┌─ MATERIAL SHOWN

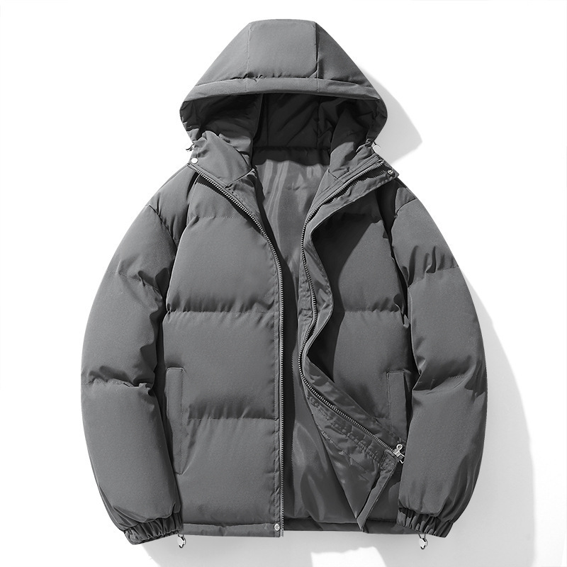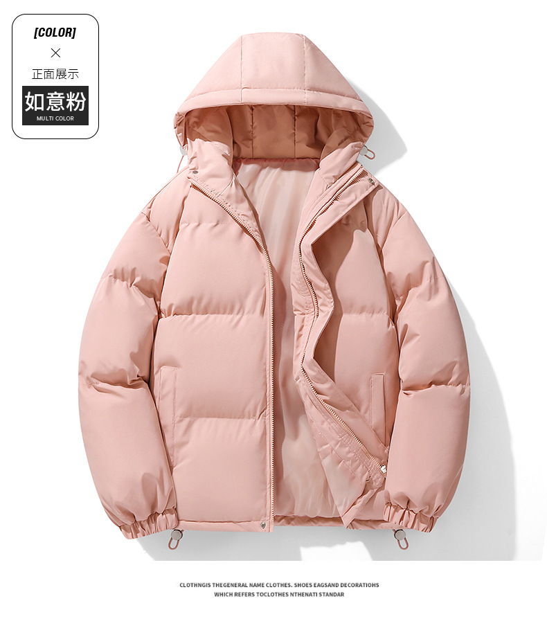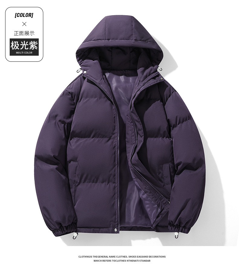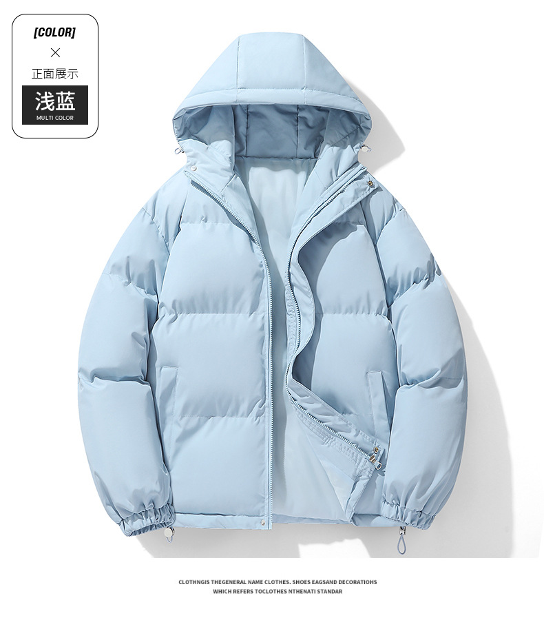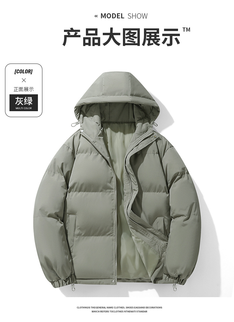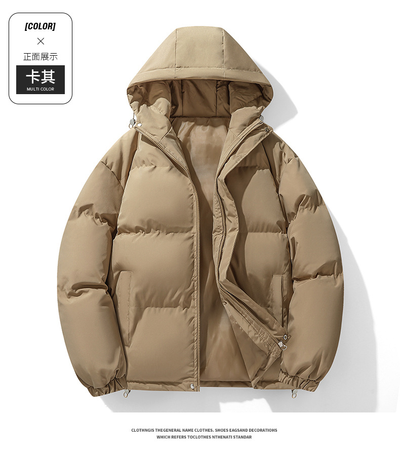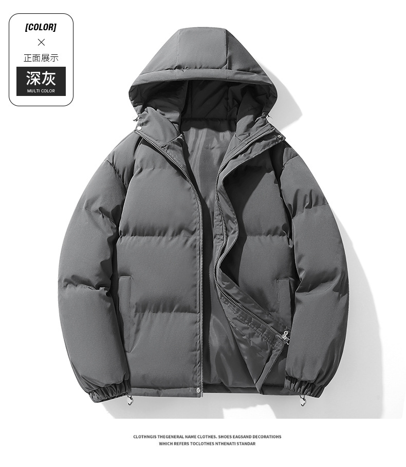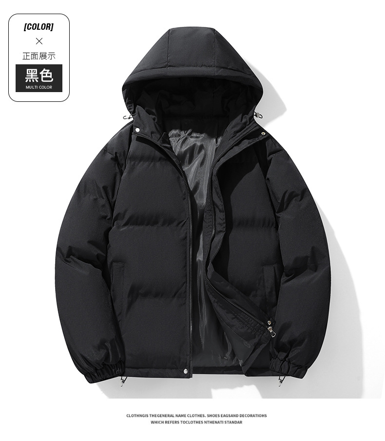 Гонконгский ветер зимний новый мужской сплошной цвет рыхлый толстый с капюшоном хлопковый костюм молодежная мода повседневная хлопковая куртка
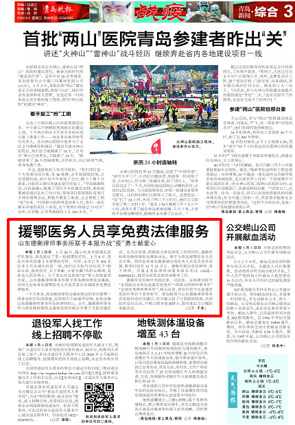 1月24日,隨山東省支援湖北醫(yī)療隊(duì)集結(jié),青島派出了第一批援鄂醫(yī)療隊(duì)。2月8日,青島市再次組建2支援鄂醫(yī)療隊(duì)。目前,全市已有304名醫(yī)務(wù)人員在湖北抗疫一線,他們以實(shí)際行動(dòng)弘揚(yáng)了“敬佑生命、救死扶傷、甘于奉獻(xiàn)、大愛(ài)無(wú)疆”的職業(yè)精神,是青島人民的勇士。為表達(dá)出對(duì)奮戰(zhàn)在抗“疫”一線勇士的敬意與關(guān)愛(ài),山東德衡律師事務(wù)所(以下簡(jiǎn)稱“德衡所”)聯(lián)手青島晚報(bào)掌控全媒體,共同為全體青島援鄂醫(yī)務(wù)人員及其直系親屬提供免費(fèi)法律咨詢服務(wù)。
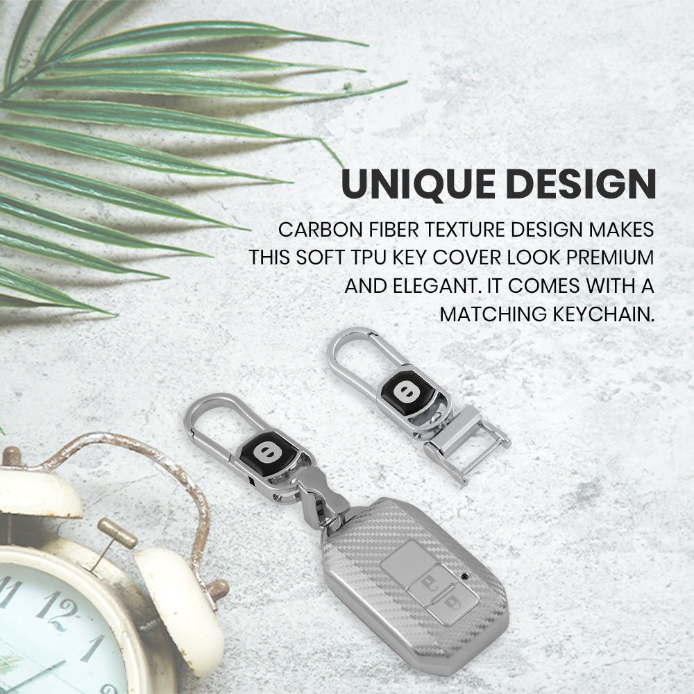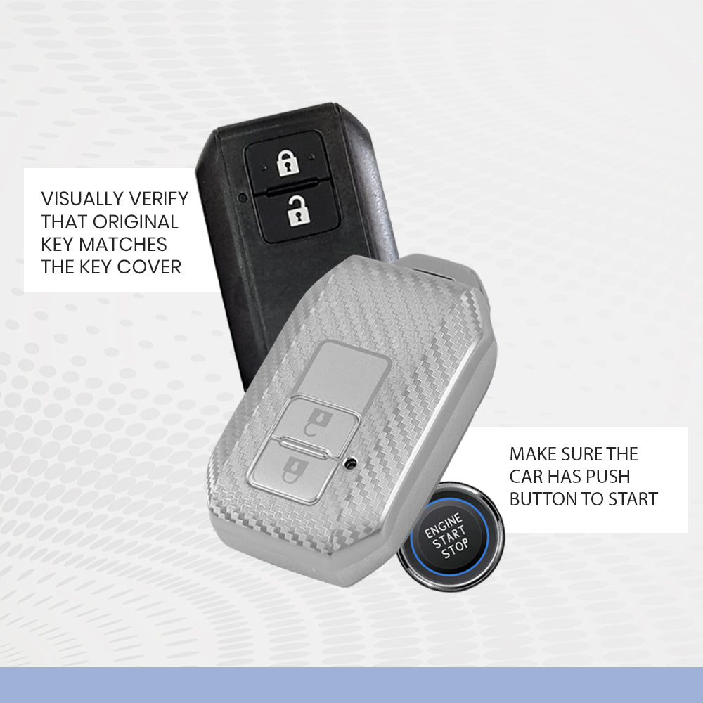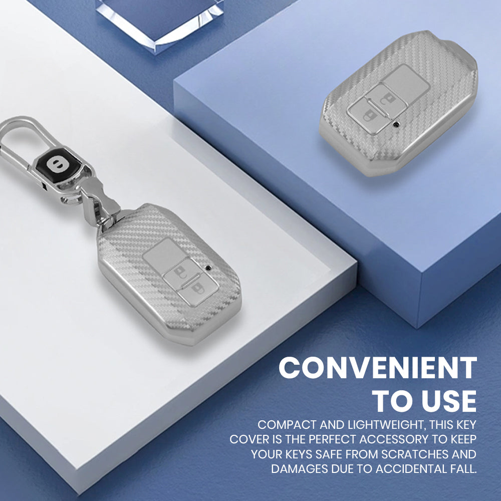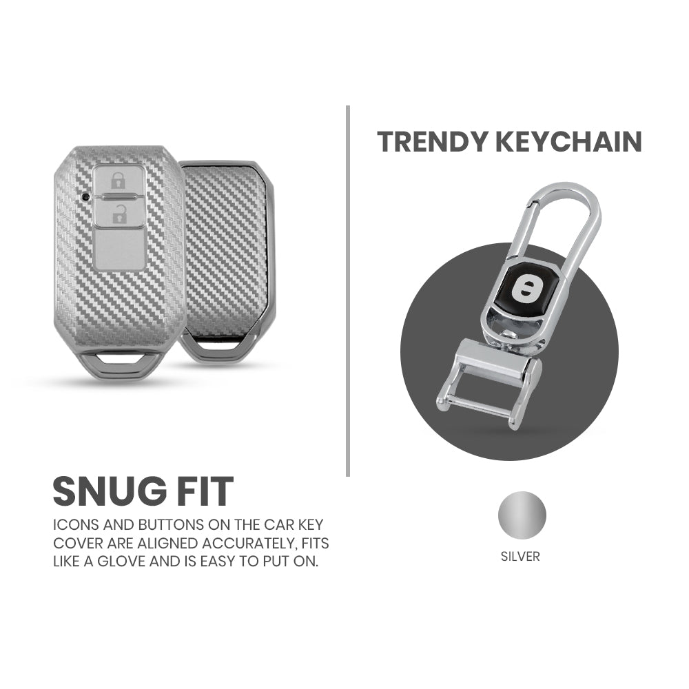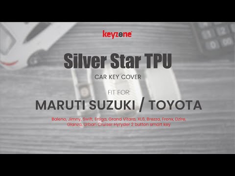 Keyzone silverstar TPU key cover & keychain for Victoris, Baleno, Jimny, Swift, Ertiga, Grand Vitara, XL6, Brezza, Fronx, Dzire, Glanza, Urban Cruiser Hyryder 2 button smart key (SS05)
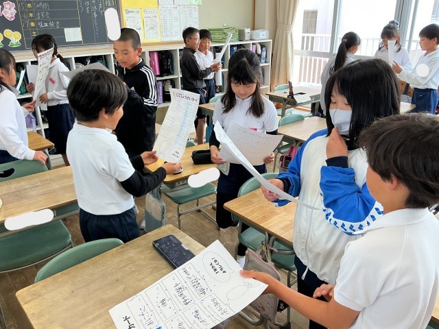 自己紹介カードが完成したので、ペアで交流をしました。
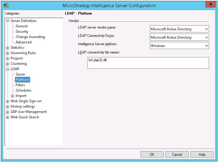 This part is pretty straightforward and self-explanatory. LDAP server vendor name is Microsoft Active Directory, the same is true for LDAP Connectivity Driver. The OS where Intelligence Server is installed is Windows Server 2012, so we pick Windows. LDAP connectivity file names area is automatically populated with WLdap32.dll.

└─

Full copy, no pictures: write out each line of the data exactly as it stands.

 Гонконгский ветер зимний новый мужской сплошной цвет рыхлый толстый с капюшоном хлопковый костюм молодежная мода повседневная хлопковая куртка
 1月24日,隨山東省支援湖北醫(yī)療隊(duì)集結(jié),青島派出了第一批援鄂醫(yī)療隊(duì)。2月8日,青島市再次組建2支援鄂醫(yī)療隊(duì)。目前,全市已有304名醫(yī)務(wù)人員在湖北抗疫一線,他們以實(shí)際行動(dòng)弘揚(yáng)了“敬佑生命、救死扶傷、甘于奉獻(xiàn)、大愛(ài)無(wú)疆”的職業(yè)精神,是青島人民的勇士。為表達(dá)出對(duì)奮戰(zhàn)在抗“疫”一線勇士的敬意與關(guān)愛(ài),山東德衡律師事務(wù)所(以下簡(jiǎn)稱“德衡所”)聯(lián)手青島晚報(bào)掌控全媒體,共同為全體青島援鄂醫(yī)務(wù)人員及其直系親屬提供免費(fèi)法律咨詢服務(wù)。
 Keyzone silverstar TPU key cover & keychain for Victoris, Baleno, Jimny, Swift, Ertiga, Grand Vitara, XL6, Brezza, Fronx, Dzire, Glanza, Urban Cruiser Hyryder 2 button smart key (SS05)
 自己紹介カードが完成したので、ペアで交流をしました。
 This part is pretty straightforward and self-explanatory. LDAP server vendor name is Microsoft Active Directory, the same is true for LDAP Connectivity Driver. The OS where Intelligence Server is installed is Windows Server 2012, so we pick Windows. LDAP connectivity file names area is automatically populated with WLdap32.dll.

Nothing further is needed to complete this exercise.